- What is needed:
Start to finish, return the listing below exactly, pictures excluded.

- Source data:
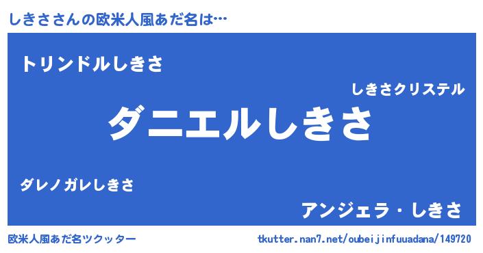 | 女子向けラノベタイトル風あだ名 | 『しきさ恋絵巻』『しきさの玉の輿計画!』 |
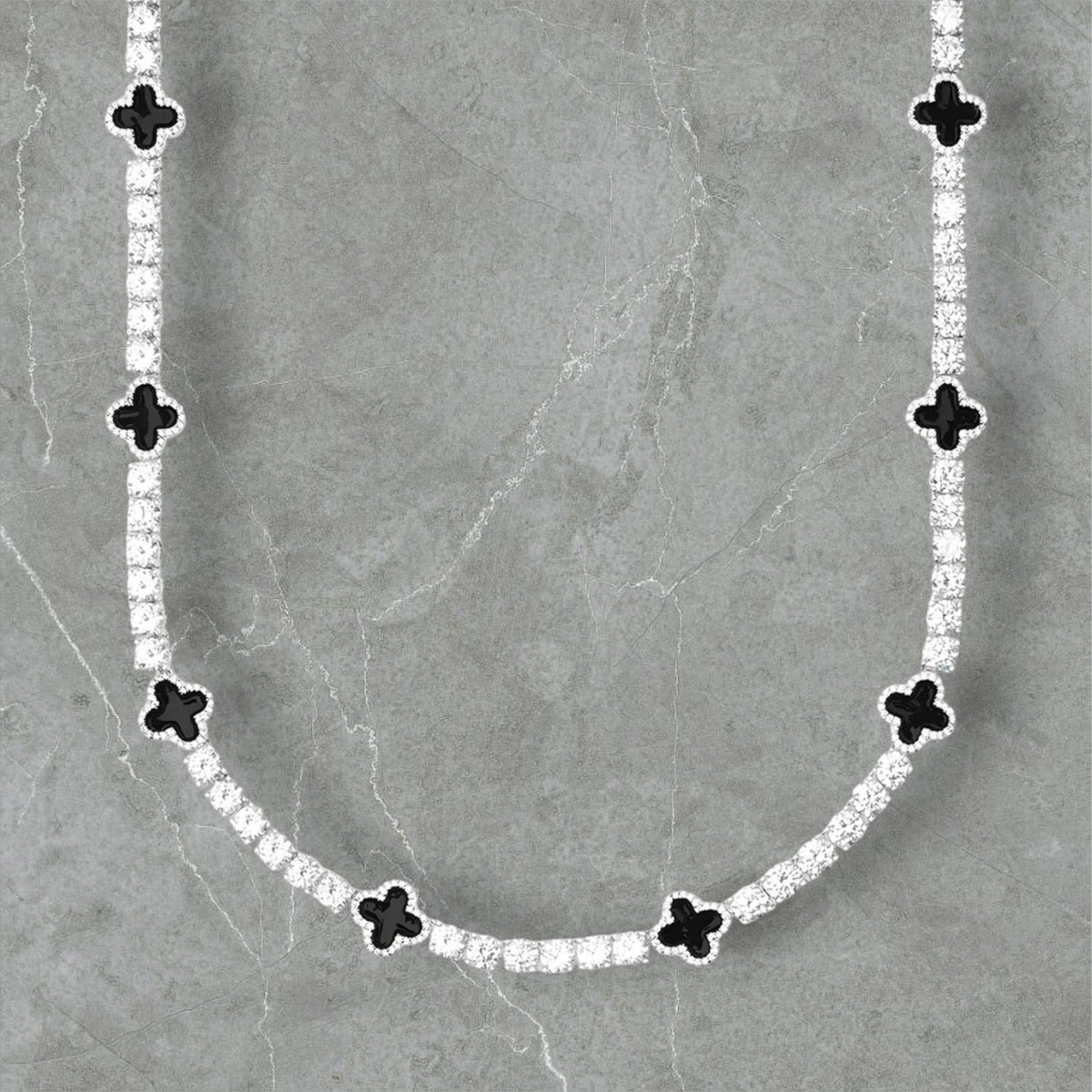 CHAÎNE DE TENNIS EN TRÈFLE NOIR EN MOISSANITE.
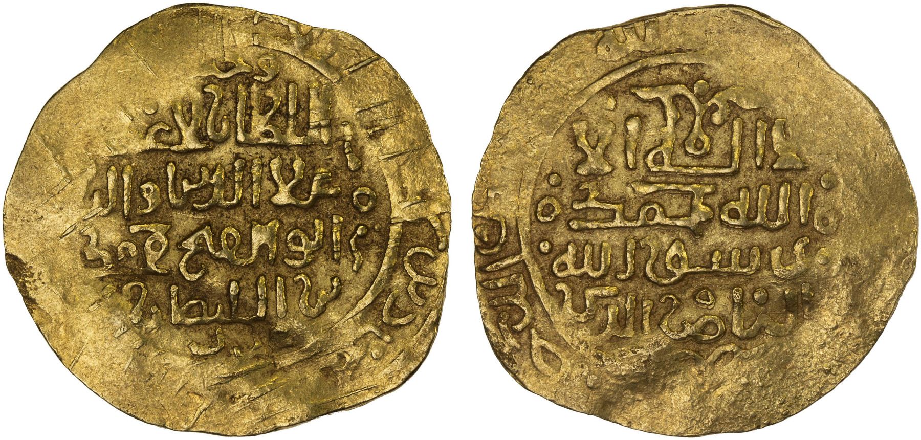 KHWARIZMSHAH: Muhammad, 1200-1220, AV dinar (3.61g), Wakhsh, DM, A-1712, mint name above the obverse field, about 15% flat strike; creased, VF, RR

- Answer space:
 | 女子向けラノベタイトル風あだ名 | 『しきさ恋絵巻』『しきさの玉の輿計画!』 |
 CHAÎNE DE TENNIS EN TRÈFLE NOIR EN MOISSANITE.
 KHWARIZMSHAH: Muhammad, 1200-1220, AV dinar (3.61g), Wakhsh, DM, A-1712, mint name above the obverse field, about 15% flat strike; creased, VF, RR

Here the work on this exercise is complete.